After a series of setbacks, a small, experimental spacecraft has succeeded in unfurling a large, shiny sail made of Mylar to capture solar energy in space. The LightSail craft hopes to use the energy from sunlight to power it. The nonprofit Planetary Society built and launched the craft and rejoiced when its sail unfurled successfully. The Planetary Society is led by “Bill Nye the Science Guy,” whose real name is William Sanford Nye. As a class, discuss how using solar power could change the way people explore space. Then closely read an article about a mission exploring space in the newspaper or on the website www.nasa.gov. Use points from your discussion and what you read in the article to write a paragraph explaining how solar power could benefit the mission.

Common Core State Standards: Engaging effectively in a range of collaborative discussions; reading closely what a text says explicitly and to make logical inferences from it; producing clear and coherent writing in which the development, organization and style are appropriate to the task.

4. No More Holes in Cheese

The holes in Swiss cheese have been disappearing, and a Swiss institute thinks it has learned why: Milk today is too clean.
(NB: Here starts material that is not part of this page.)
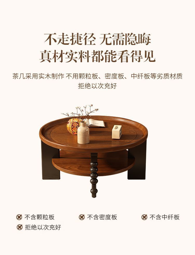法式实木茶几圆形茶桌小户型中式小桌子古风家用客厅美式复古新款

Tiny specks of hay are responsible for the holes in traditional Swiss cheeses, but there are many fewer today because old milking methods in barns have been replaced by fully automated industrial milking systems. It used to be that as milk matured into cheese, the microscopically small hay particles helped create holes. The study by the Agroscope Institute was funded by the government of Switzerland. The ways foods are grown or produced have changed in recent years. As a class, use the newspaper or Internet to find and closely read a story about a new way of growing or producing food. Use what you read to write a summary of the new approach, and how it is an improvement over past approaches.
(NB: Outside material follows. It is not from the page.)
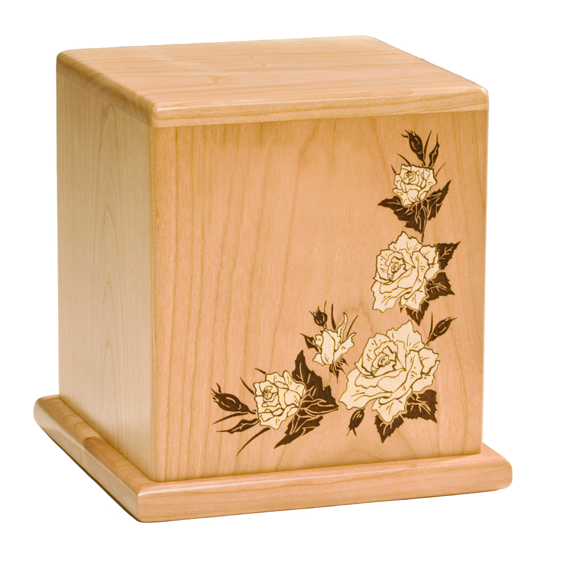 Natural cherry with beautiful inlaid cut white roses. Bottom-opening with screws.

Common Core State Standards: Writing informative/explanatory texts to examine a topic and convey ideas and information clearly; reading closely what a text says explicitly and to make logical inferences from it; conducting short research projects that build knowledge about a topic.

5. Gandhi Statue

Mohandas K. Gandhi is known around the world for teaching that people should work peacefully and without violence when seeking change or protesting over issues. He was a leader in the Asian nation of India and his approach helped India win independence 68 years ago from the European nation of Great Britain and the British Empire. British leaders at the time opposed the independence movement, but now Gandhi is being honored in the heart of the former empire. A nine-foot-tall bronze statue of Gandhi has been erected in Parliament Square in the British capital city of London. Though British leaders criticized Gandhi at the time of India’s independence, present Prime Minister David Cameron hailed him as one of the towering figures in history. Gandhi was called “mahatma” (“great soul”) for his efforts to get people to find solutions to problems peacefully and without violence. Alone or as a class, find and read a story in the newspaper or online about someone working peacefully to find a solution to a problem. Think of a way this person might be honored for his/her effort. Write a paragraph describing how the person could be honored and draw a picture showing the honor.

Common Core State Standards: Conducting short research projects that build knowledge about a topic; reading closely what a text says explicitly and to make logical inferences from it; citing specific textual evidence when writing or speaking to support conclusions; using drawings or visual displays when appropriate to enhance the development of main ideas or points.